→ **Instructions to follow**:
Word for word, print each record, dropping any image it holds.

→ **Supplied information**:

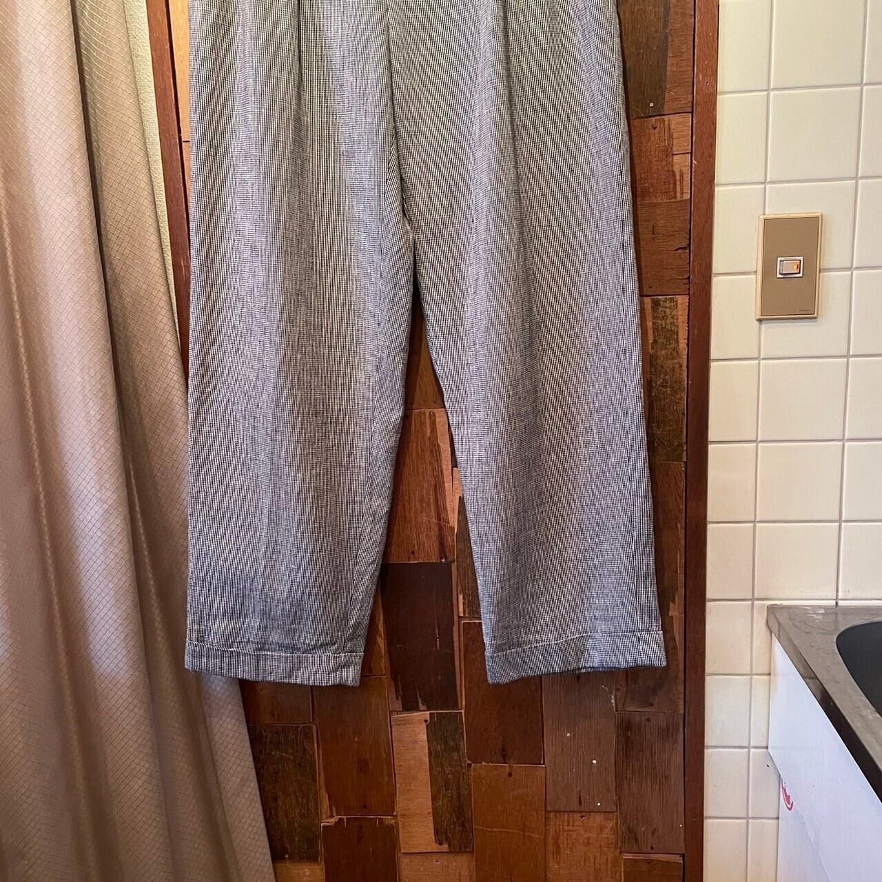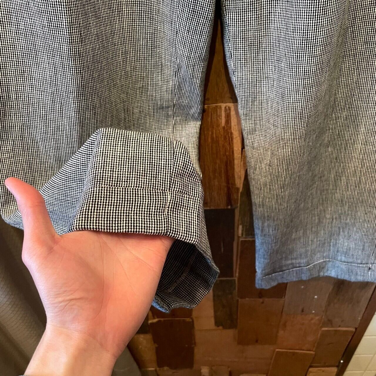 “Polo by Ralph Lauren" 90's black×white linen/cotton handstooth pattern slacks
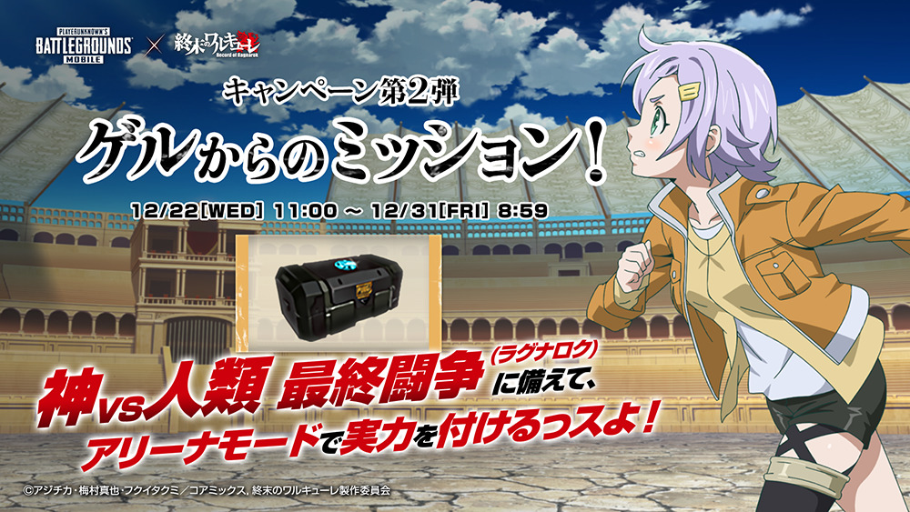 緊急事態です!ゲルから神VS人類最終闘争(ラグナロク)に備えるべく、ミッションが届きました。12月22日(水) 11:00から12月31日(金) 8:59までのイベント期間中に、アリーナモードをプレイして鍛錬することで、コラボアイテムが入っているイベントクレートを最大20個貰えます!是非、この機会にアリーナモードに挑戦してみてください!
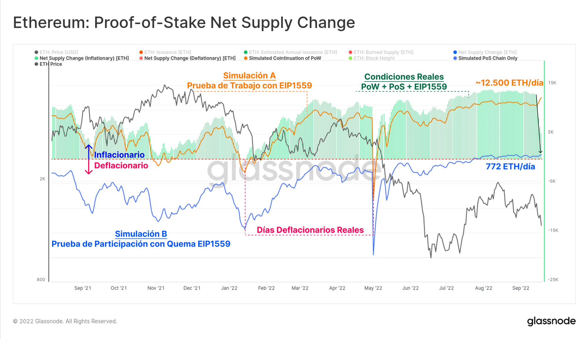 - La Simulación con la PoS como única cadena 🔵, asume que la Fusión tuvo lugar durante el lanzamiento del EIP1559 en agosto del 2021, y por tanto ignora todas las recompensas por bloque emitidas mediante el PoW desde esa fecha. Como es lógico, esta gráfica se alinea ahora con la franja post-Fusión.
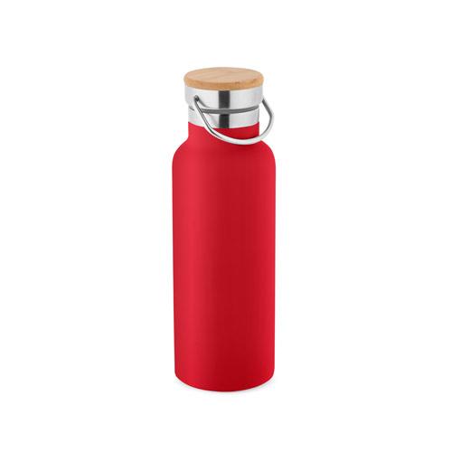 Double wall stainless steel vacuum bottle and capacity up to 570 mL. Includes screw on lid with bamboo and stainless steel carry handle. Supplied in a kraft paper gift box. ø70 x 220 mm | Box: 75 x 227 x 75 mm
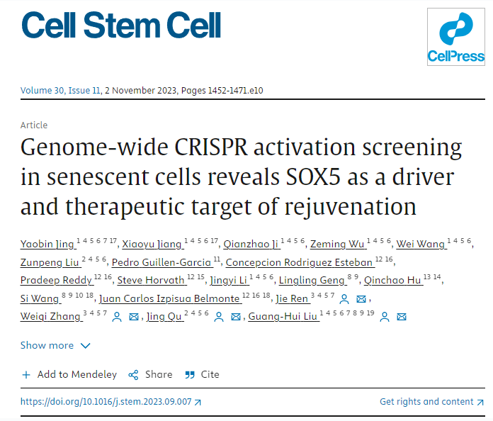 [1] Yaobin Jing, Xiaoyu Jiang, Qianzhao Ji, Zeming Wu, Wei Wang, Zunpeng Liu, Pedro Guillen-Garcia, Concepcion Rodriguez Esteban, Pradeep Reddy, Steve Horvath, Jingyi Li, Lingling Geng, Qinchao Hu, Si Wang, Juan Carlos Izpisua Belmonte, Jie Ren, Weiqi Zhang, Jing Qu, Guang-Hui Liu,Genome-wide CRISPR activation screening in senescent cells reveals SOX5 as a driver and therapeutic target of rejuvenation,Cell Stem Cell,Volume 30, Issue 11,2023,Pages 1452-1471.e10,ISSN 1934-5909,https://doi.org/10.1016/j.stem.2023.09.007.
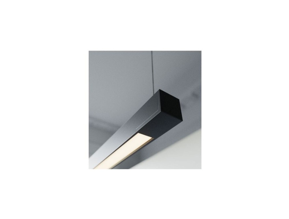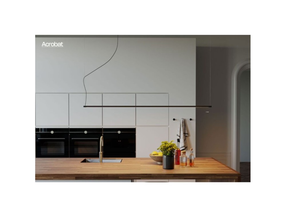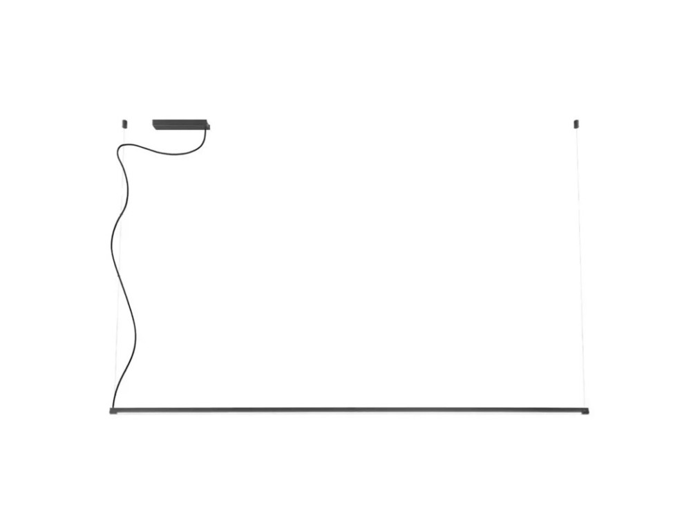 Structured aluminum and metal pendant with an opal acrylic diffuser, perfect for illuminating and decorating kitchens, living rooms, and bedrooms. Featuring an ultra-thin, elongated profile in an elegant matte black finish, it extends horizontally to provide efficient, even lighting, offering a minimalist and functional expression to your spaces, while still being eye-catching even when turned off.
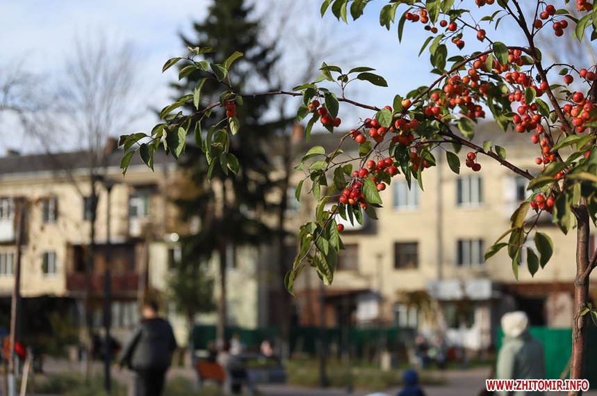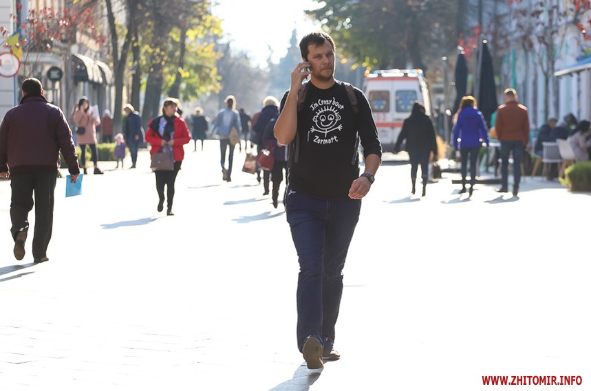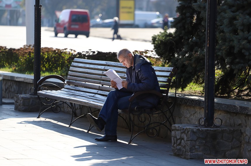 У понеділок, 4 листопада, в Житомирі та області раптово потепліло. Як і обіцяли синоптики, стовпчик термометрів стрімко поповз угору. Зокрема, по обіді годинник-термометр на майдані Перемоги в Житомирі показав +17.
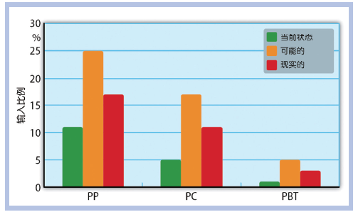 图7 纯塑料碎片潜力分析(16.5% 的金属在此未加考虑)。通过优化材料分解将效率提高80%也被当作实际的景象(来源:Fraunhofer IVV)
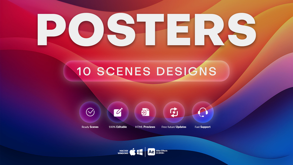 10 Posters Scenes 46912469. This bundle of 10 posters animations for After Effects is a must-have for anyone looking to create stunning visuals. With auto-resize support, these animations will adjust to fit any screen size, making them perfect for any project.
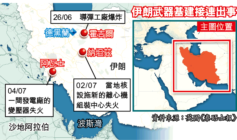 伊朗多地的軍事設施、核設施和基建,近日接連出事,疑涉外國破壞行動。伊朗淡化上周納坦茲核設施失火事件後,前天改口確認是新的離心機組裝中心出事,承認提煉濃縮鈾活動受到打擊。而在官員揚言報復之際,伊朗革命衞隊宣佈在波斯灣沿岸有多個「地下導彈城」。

→ **Solution for this problem**:
 “Polo by Ralph Lauren" 90's black×white linen/cotton handstooth pattern slacks
 緊急事態です!ゲルから神VS人類最終闘争(ラグナロク)に備えるべく、ミッションが届きました。12月22日(水) 11:00から12月31日(金) 8:59までのイベント期間中に、アリーナモードをプレイして鍛錬することで、コラボアイテムが入っているイベントクレートを最大20個貰えます!是非、この機会にアリーナモードに挑戦してみてください!
 - La Simulación con la PoS como única cadena 🔵, asume que la Fusión tuvo lugar durante el lanzamiento del EIP1559 en agosto del 2021, y por tanto ignora todas las recompensas por bloque emitidas mediante el PoW desde esa fecha. Como es lógico, esta gráfica se alinea ahora con la franja post-Fusión.
 Double wall stainless steel vacuum bottle and capacity up to 570 mL. Includes screw on lid with bamboo and stainless steel carry handle. Supplied in a kraft paper gift box. ø70 x 220 mm | Box: 75 x 227 x 75 mm
 [1] Yaobin Jing, Xiaoyu Jiang, Qianzhao Ji, Zeming Wu, Wei Wang, Zunpeng Liu, Pedro Guillen-Garcia, Concepcion Rodriguez Esteban, Pradeep Reddy, Steve Horvath, Jingyi Li, Lingling Geng, Qinchao Hu, Si Wang, Juan Carlos Izpisua Belmonte, Jie Ren, Weiqi Zhang, Jing Qu, Guang-Hui Liu,Genome-wide CRISPR activation screening in senescent cells reveals SOX5 as a driver and therapeutic target of rejuvenation,Cell Stem Cell,Volume 30, Issue 11,2023,Pages 1452-1471.e10,ISSN 1934-5909,https://doi.org/10.1016/j.stem.2023.09.007.
 Structured aluminum and metal pendant with an opal acrylic diffuser, perfect for illuminating and decorating kitchens, living rooms, and bedrooms. Featuring an ultra-thin, elongated profile in an elegant matte black finish, it extends horizontally to provide efficient, even lighting, offering a minimalist and functional expression to your spaces, while still being eye-catching even when turned off.
 У понеділок, 4 листопада, в Житомирі та області раптово потепліло. Як і обіцяли синоптики, стовпчик термометрів стрімко поповз угору. Зокрема, по обіді годинник-термометр на майдані Перемоги в Житомирі показав +17.
 图7 纯塑料碎片潜力分析(16.5% 的金属在此未加考虑)。通过优化材料分解将效率提高80%也被当作实际的景象(来源:Fraunhofer IVV)
 10 Posters Scenes 46912469. This bundle of 10 posters animations for After Effects is a must-have for anyone looking to create stunning visuals. With auto-resize support, these animations will adjust to fit any screen size, making them perfect for any project.
 伊朗多地的軍事設施、核設施和基建,近日接連出事,疑涉外國破壞行動。伊朗淡化上周納坦茲核設施失火事件後,前天改口確認是新的離心機組裝中心出事,承認提煉濃縮鈾活動受到打擊。而在官員揚言報復之際,伊朗革命衞隊宣佈在波斯灣沿岸有多個「地下導彈城」。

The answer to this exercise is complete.